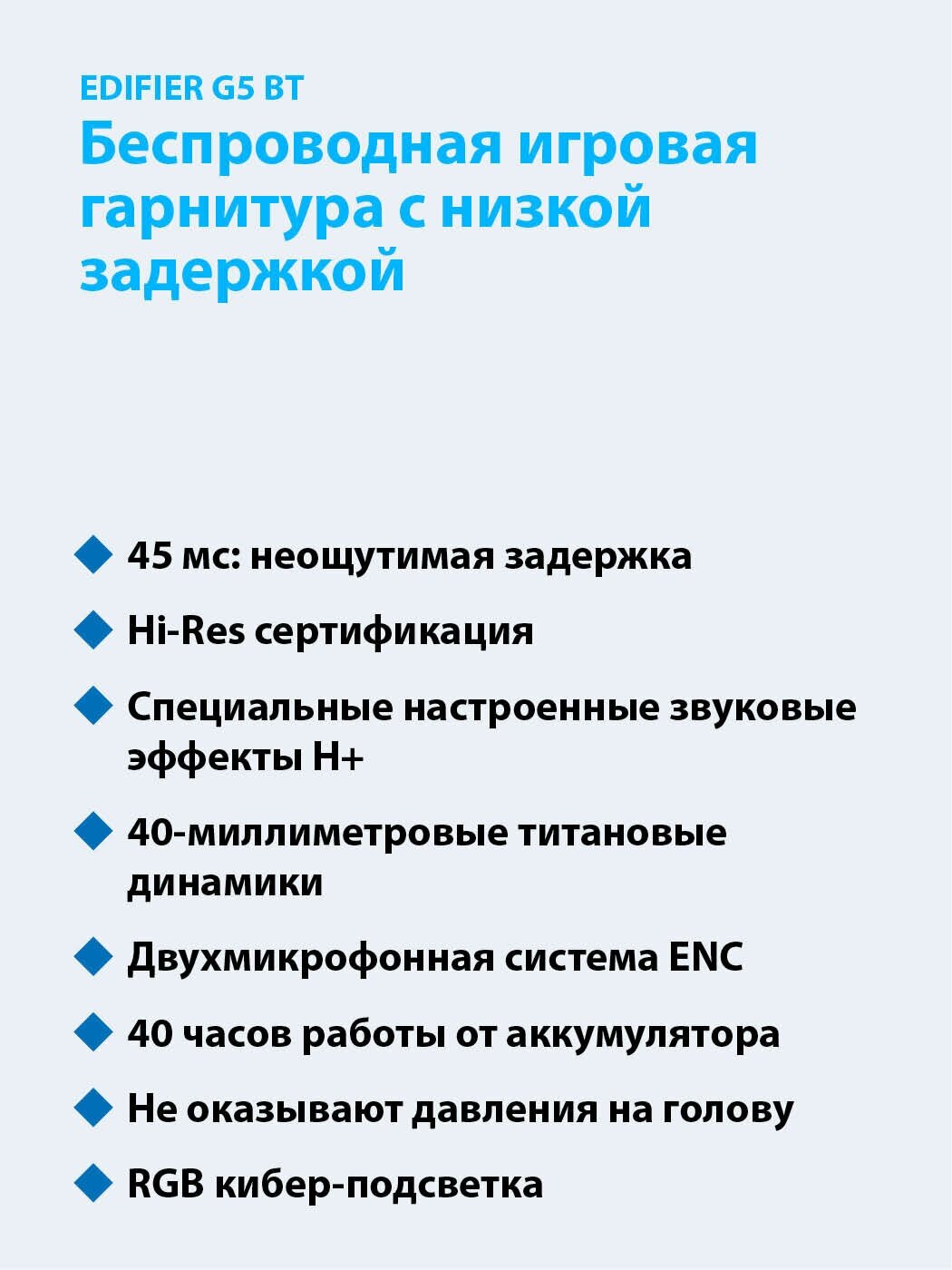 Беспроводная игровая гарнитура Edifier G5 BT Black Black 7 073 ₽
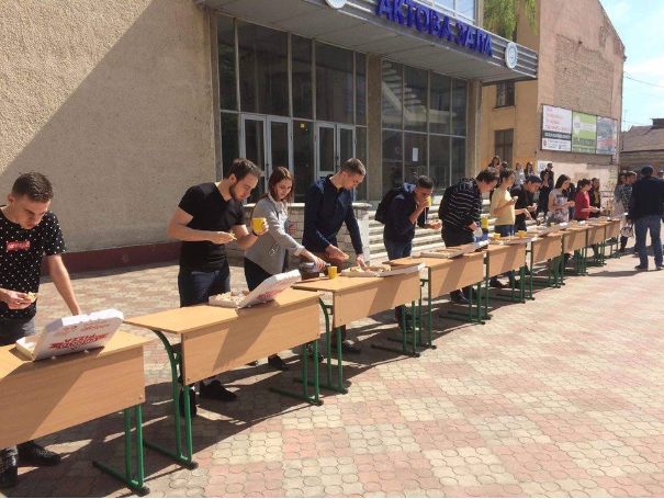 У кожному етапі взяли участь 10 студентів, восьмеро хлопців та двоє дівчат. Кожен з’їв по одній піці, – мовить Михайло. – Піцу нам привезли наші партнери, працівники однієї з місцевих піцерій.
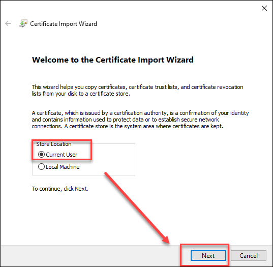 Bước 2: Tích chọn Current User nhấn Next Chọn Place all certificates in the following store => Browse => Trusted root certificate Authorities => OK và chọn Next
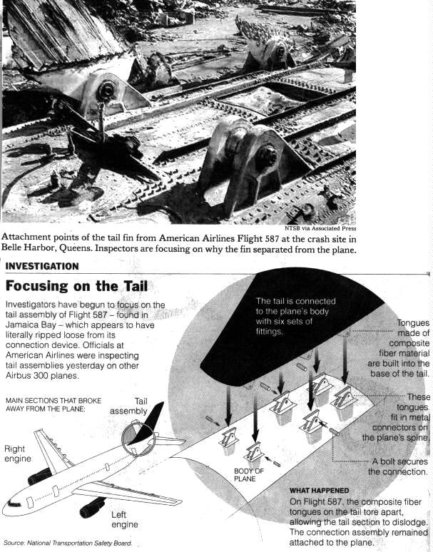 On November 12, 2001, an Airbus Model A300 B4-605R airplane was involved in an accident shortly after takeoff from John F. Kennedy International Airport, Jamaica, New York. The cause of the accident is under investigation by the National Transportation Safety Board (NTSB). Although the NTSB has not determined the cause of the accident, it has determined that the vertical stabilizer departed the airplane. In addition, the rudder was found separated from the vertical stabilizer.

[TASK GOAL] Look above for the line with "У кожному етапі" and the line with "Bước 2: Tích chọn Current". Copy them and every line between, exactly, but no pictures.

[OUTPUT]
 У кожному етапі взяли участь 10 студентів, восьмеро хлопців та двоє дівчат. Кожен з’їв по одній піці, – мовить Михайло. – Піцу нам привезли наші партнери, працівники однієї з місцевих піцерій.
 Bước 2: Tích chọn Current User nhấn Next Chọn Place all certificates in the following store => Browse => Trusted root certificate Authorities => OK và chọn Next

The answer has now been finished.